C’est intéressant de voir qu’on est tous un petit peu paumés et que même les experts l’étaient aussi…

Et puis surtout, peut-être que pour un écolo comme moi, de voir un moment incroyable où l’on entend plus les avions, où il n’y a plus de voitures, on entend les oiseaux,...


P : Est-ce qu’on peut dire que la nature reprend ses droits ?

Y : Ouais, mais c’est ce que tout le monde dit, mais, la nature a toujours été là, je pense que les arbres poussent pas mieux aujourd’hui qu’avant; peut-être qu’on emmerde moins les animaux sauvages ! C’est vrai qu’autour de chez moi j’ai vu des cerfs et des biches, des chevreuils j’en vois un peu plus, mais pas tant. Mais il y a beaucoup d’animaux qui vivent avec les hommes, on ne s’en rend pas compte, comme les sangliers par exemple, qui vont dans les villes, mais les sangliers, les renards,.. sont toujours autour de la vie des hommes, Ces animaux qui se nourrissent un petit peu avec nos déchets. Donc ils sont toujours là, cachés dans l’ombre. Mais, est-ce que la nature reprend ses droits ? Le WWF estime qu’on a perdu 60% du vivant en 40 ans, c’est une phrase qui est très forte. Ca veut dire que notre façon de vivre, de consommer est en train de détruire la Terre.
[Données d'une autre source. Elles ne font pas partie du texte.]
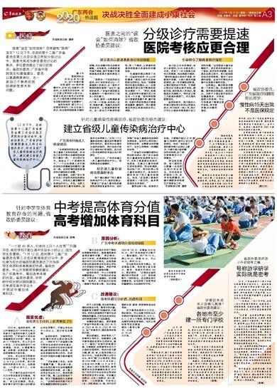 李静波委员建议,逐步提高广东省中考体育分值,2021年70分,2022年80分,2023年100分。在广东高考中,增加选考体育的内容。

Quand je suis né on était 2 milliards, aujourd’hui on est 8 milliards, ma façon de vivre n’est pas la même que celle de mon père : on consomme beaucoup plus, donc on consomme la Terre, on consomme les ressources de la nature, et, bien sûr, aujourd'hui la biomasse des vertébrés, soit le poids de tous les vertébrés sur la Terre dont on fait partie, c’est 98%, l’Homme et ses animaux domestiques ! C’est dingue ! Il n’y a plus que l’Homme sur Terre ! Et on vit dans et espèce de déni collectif en croyant que ça va continuer comme ça pour toujours, alors que les scientifiques nous disent “attention on va vers une 6ème extinction” donc c’est vraiment incroyable notre incapacité à changer notre façon de vivre !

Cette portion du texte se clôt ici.